INSTRUCTIONS FOR THE TASK -
Apart from the pictures, output all of the records exactly.

** EXTRACTED DATA follows **

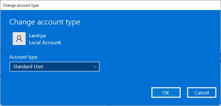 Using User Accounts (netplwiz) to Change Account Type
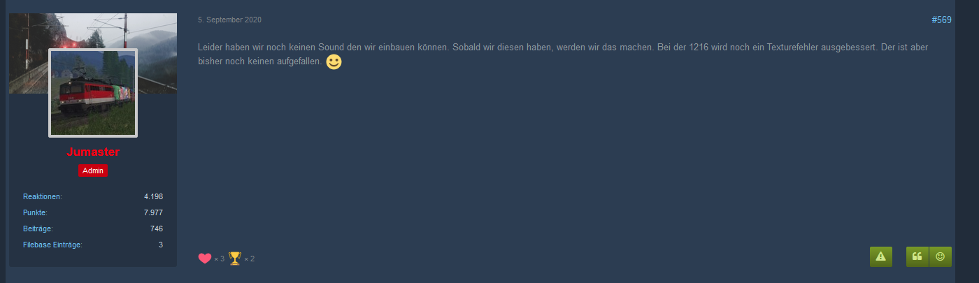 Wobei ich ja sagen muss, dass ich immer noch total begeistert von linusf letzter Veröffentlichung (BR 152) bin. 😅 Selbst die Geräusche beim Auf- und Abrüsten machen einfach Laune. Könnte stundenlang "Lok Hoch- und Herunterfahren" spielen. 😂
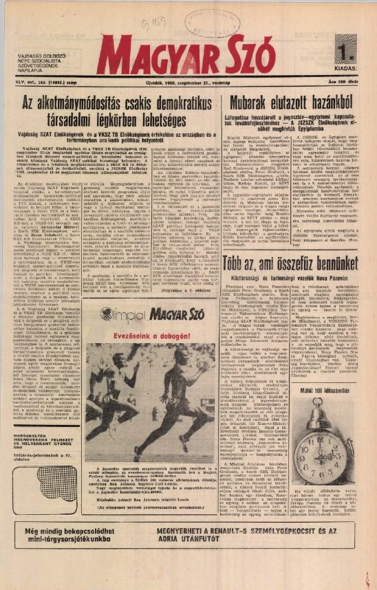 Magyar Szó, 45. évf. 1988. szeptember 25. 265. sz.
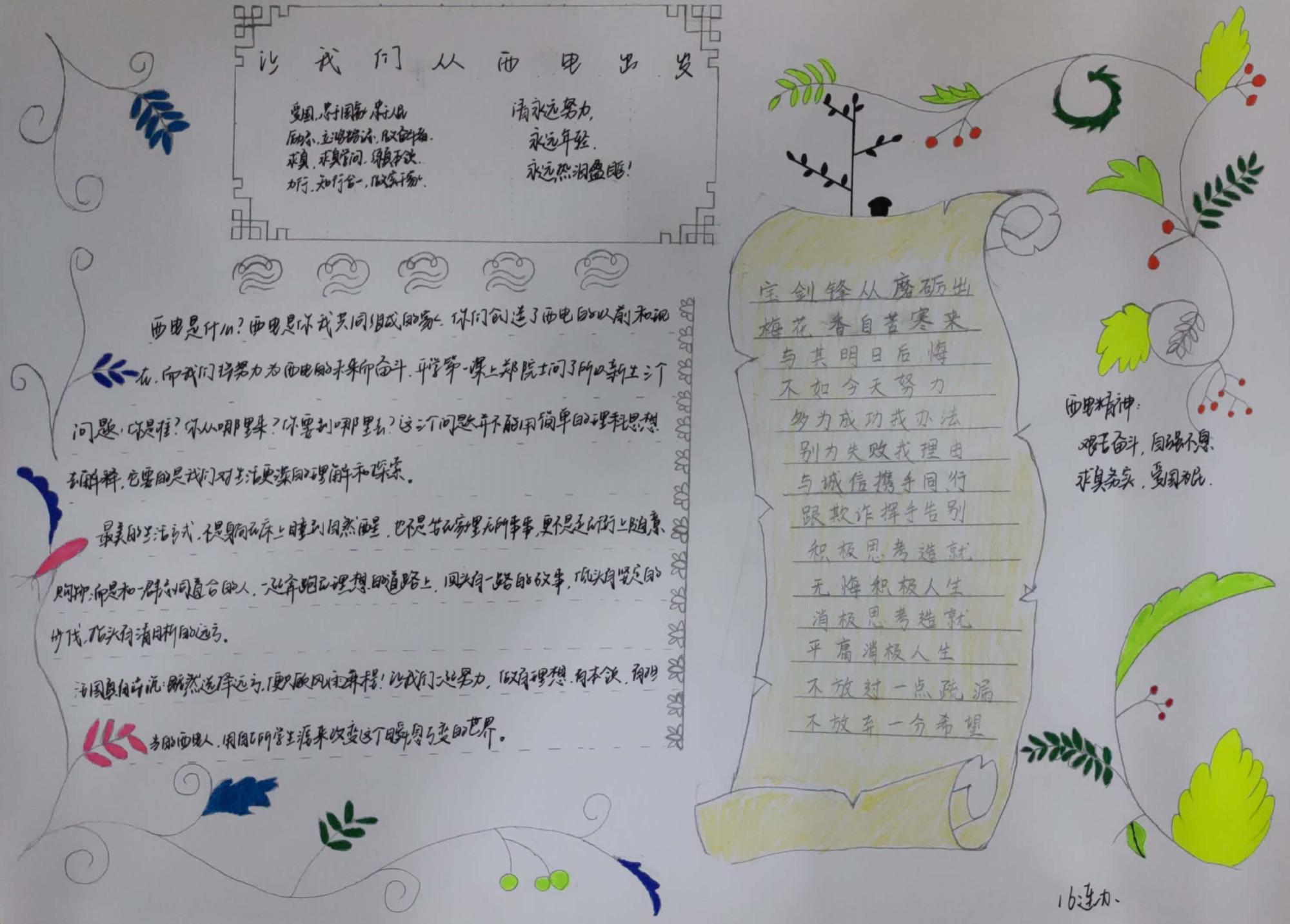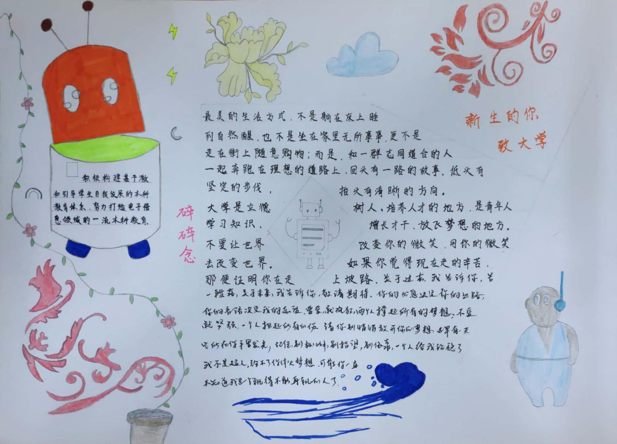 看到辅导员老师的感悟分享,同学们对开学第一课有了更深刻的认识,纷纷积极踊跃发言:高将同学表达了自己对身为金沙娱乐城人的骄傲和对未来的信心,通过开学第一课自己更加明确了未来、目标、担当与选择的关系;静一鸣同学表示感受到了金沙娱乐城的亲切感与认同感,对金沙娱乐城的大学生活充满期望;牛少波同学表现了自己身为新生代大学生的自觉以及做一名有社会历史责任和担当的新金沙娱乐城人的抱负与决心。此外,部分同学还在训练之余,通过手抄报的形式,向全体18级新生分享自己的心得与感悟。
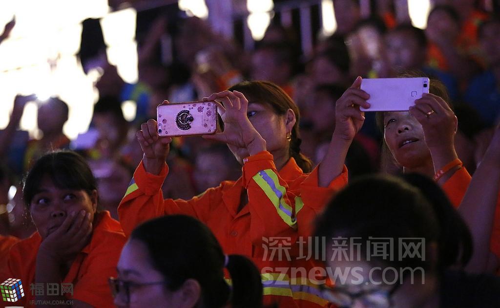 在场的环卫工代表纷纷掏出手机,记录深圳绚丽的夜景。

** End of EXTRACTED DATA **

EXERCISE RESPONSE -
 Using User Accounts (netplwiz) to Change Account Type
 Wobei ich ja sagen muss, dass ich immer noch total begeistert von linusf letzter Veröffentlichung (BR 152) bin. 😅 Selbst die Geräusche beim Auf- und Abrüsten machen einfach Laune. Könnte stundenlang "Lok Hoch- und Herunterfahren" spielen. 😂
 Magyar Szó, 45. évf. 1988. szeptember 25. 265. sz.
 看到辅导员老师的感悟分享,同学们对开学第一课有了更深刻的认识,纷纷积极踊跃发言:高将同学表达了自己对身为金沙娱乐城人的骄傲和对未来的信心,通过开学第一课自己更加明确了未来、目标、担当与选择的关系;静一鸣同学表示感受到了金沙娱乐城的亲切感与认同感,对金沙娱乐城的大学生活充满期望;牛少波同学表现了自己身为新生代大学生的自觉以及做一名有社会历史责任和担当的新金沙娱乐城人的抱负与决心。此外,部分同学还在训练之余,通过手抄报的形式,向全体18级新生分享自己的心得与感悟。
 在场的环卫工代表纷纷掏出手机,记录深圳绚丽的夜景。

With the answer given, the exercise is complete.